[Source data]
◇ ◇ ◇ ◇

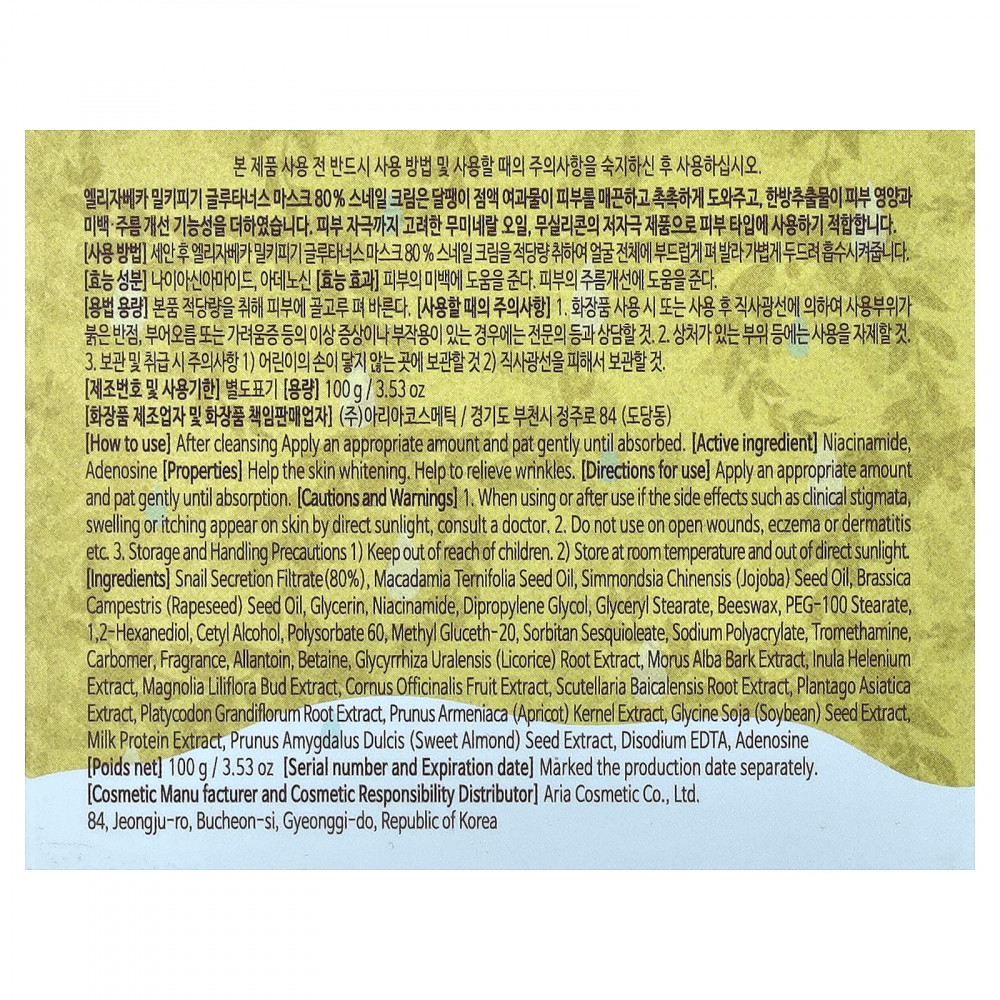 Фильтрат секрета улитки (80%), масло макадамии (Macadamia ternifolia), масло из семян жожоба (Simmondsia chinensis), рапсовое масло (Brassica campestris), глицерин, никотинамид, дипропиленгликоль, глицерил стеарат, пчелиный воск, ПЭГ-100 стеарат, 1,2-гександиол, цетиловый спирт, полисорбат 60, метил глюцет-20, сорбитана сесквиолеат, полиакрилат натрия, трометамин, карбомер, отдушка, аллантоин, бетаин, экстракт корня солодки уральской (Glycyrrhiza uralensis), экстракт коры шелковицы белой (Morus alba), экстракт девясила гелениевого (Inula helenium), экстракт бутонов магнолии лилифлоры (Magnolia liliflora), экстракт плодов кизила лекарственного (Cornus officinalis), экстракт корня шлемника (Scutellaria baicalensis), экстракт подорожника азиатского (Plantago asiatica), экстракт корня платикодона крупноцветкового (Platycodon grandiflorum), экстракт косточек абрикоса (Prunus armeniaca), экстракт соевых бобов (Glycine soja), экстракт молочного белка, экстракт семян сладкого миндаля (Prunus amygdalus dulcis), двунатриевая ЭДТК, аденозин.
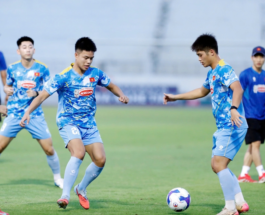 U.22 Việt Nam trong một buổi tập ở Vũng Tàu (TP Hồ Chí Minh) trước khi lên đường sang Thái Lan dự SEA Games 33. Ảnh: VFF
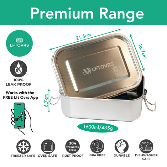 1600ml Premium Stainless Steel Lunch box - Leakproof with Mobile App
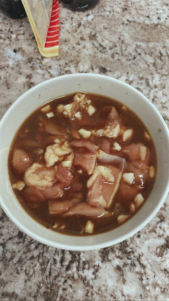 雞胸肉切塊(圖5)拿一個碗放入一顆雞蛋、砂糖、米酒、醬油、大量蒜泥、白胡椒粉抓醃放至冰箱一晚入味(圖7)。
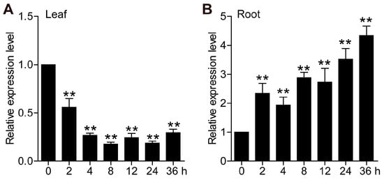 The expression patterns of TaCML49-B under salt stress were examined using qRT-PCR. Samples from leaves and roots were collected at 0 h, 2 h, 4 h, 8 h, 12 h, 24 h, and 36 h after salt treatment. In leaves, the transcript levels of TaCML49-B decreased significantly under salt stress (Figure 3A), whereas the levels were markedly upregulated in roots (Figure 3B). These quantitative results were consistent with the transcriptome data, confirming that TaCML49-B is involved in salt stress response.
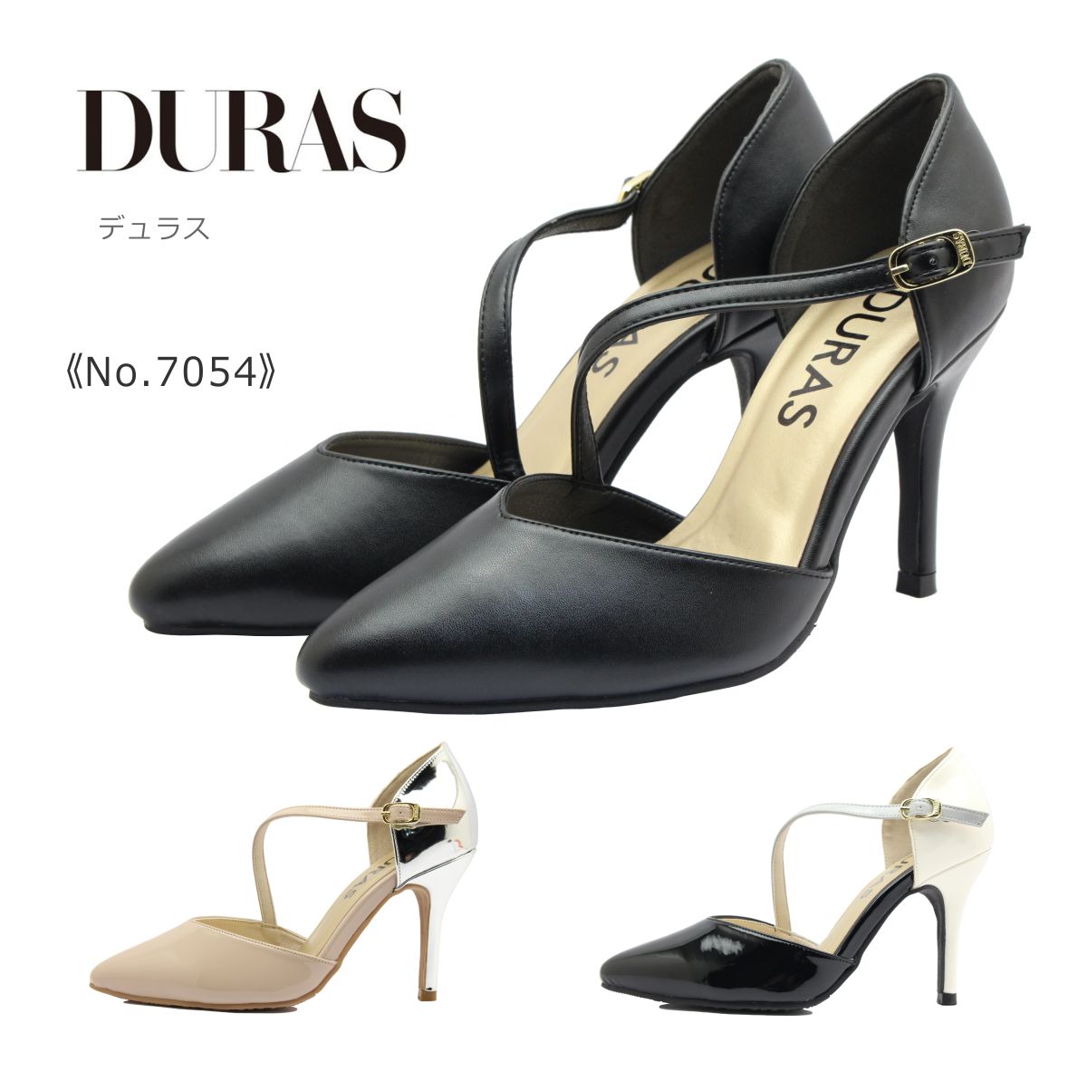 DURAS デュラス レディース パンプス DR 7054 ポインテッドトゥ ストラップ ヒール 靴 黒 ブラック エナメル ベージュ
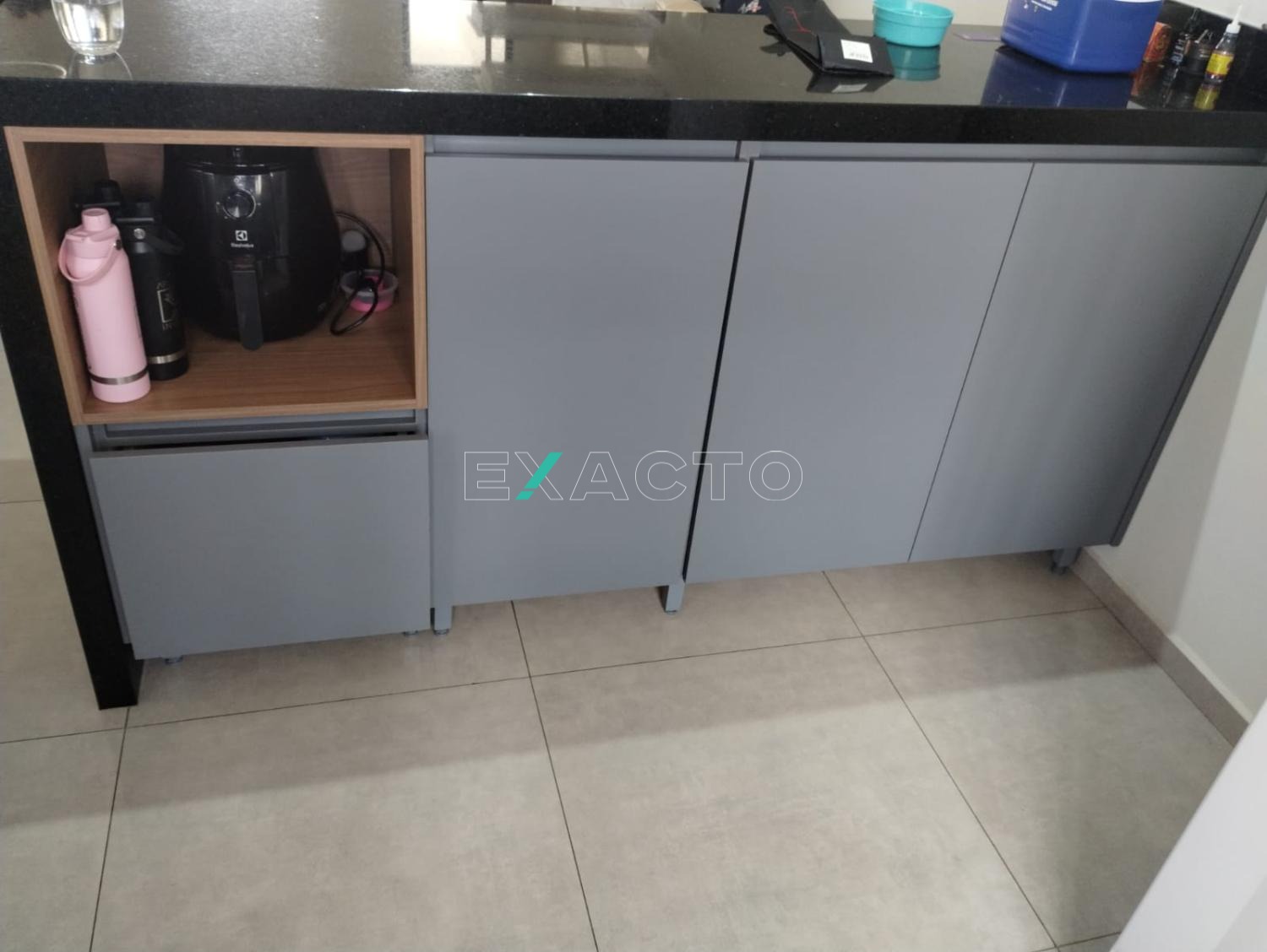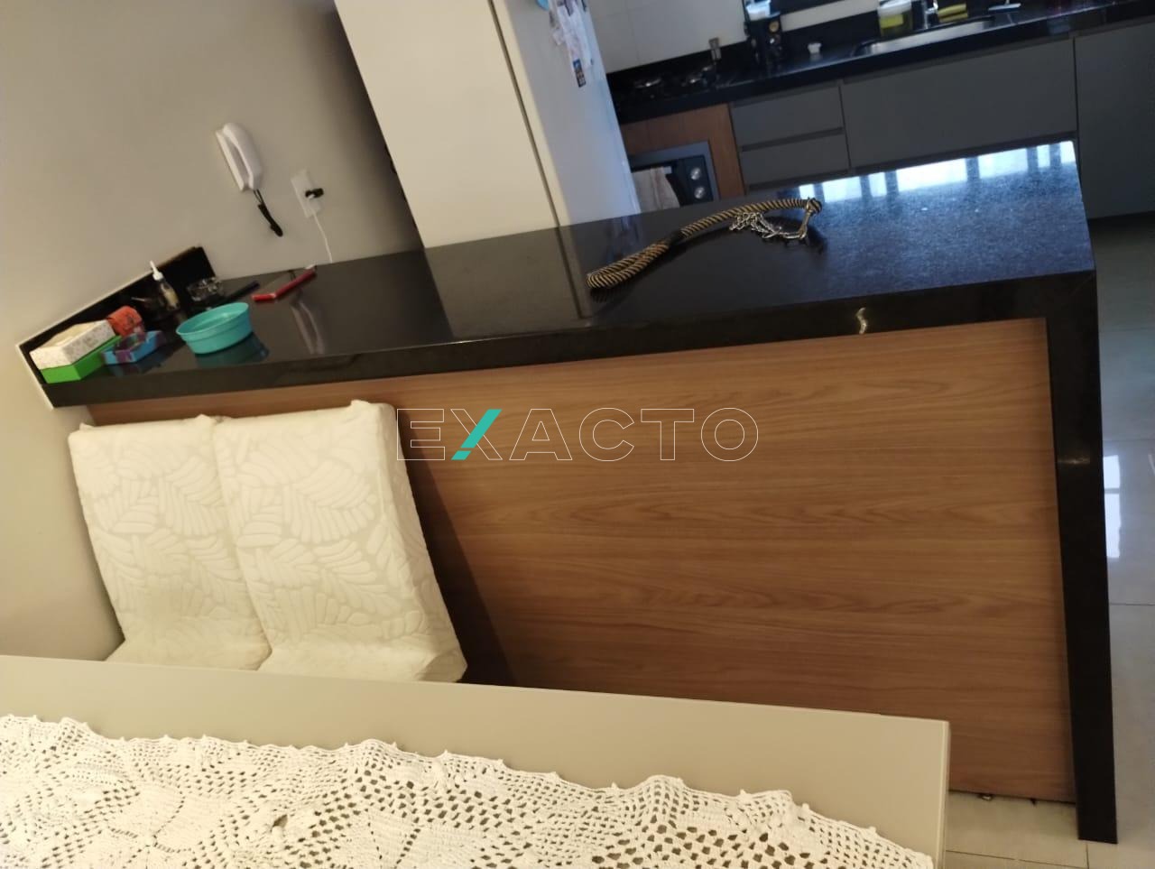 Sala e cozinha integrados (cozinha americana) com armários

◇ ◇ ◇ ◇

Transcribe the span of lines that runs from the line with "DURAS デュラス レディース" to the end of the data, both ends included, exactly, with nothing else and no pictures.

 DURAS デュラス レディース パンプス DR 7054 ポインテッドトゥ ストラップ ヒール 靴 黒 ブラック エナメル ベージュ
 Sala e cozinha integrados (cozinha americana) com armários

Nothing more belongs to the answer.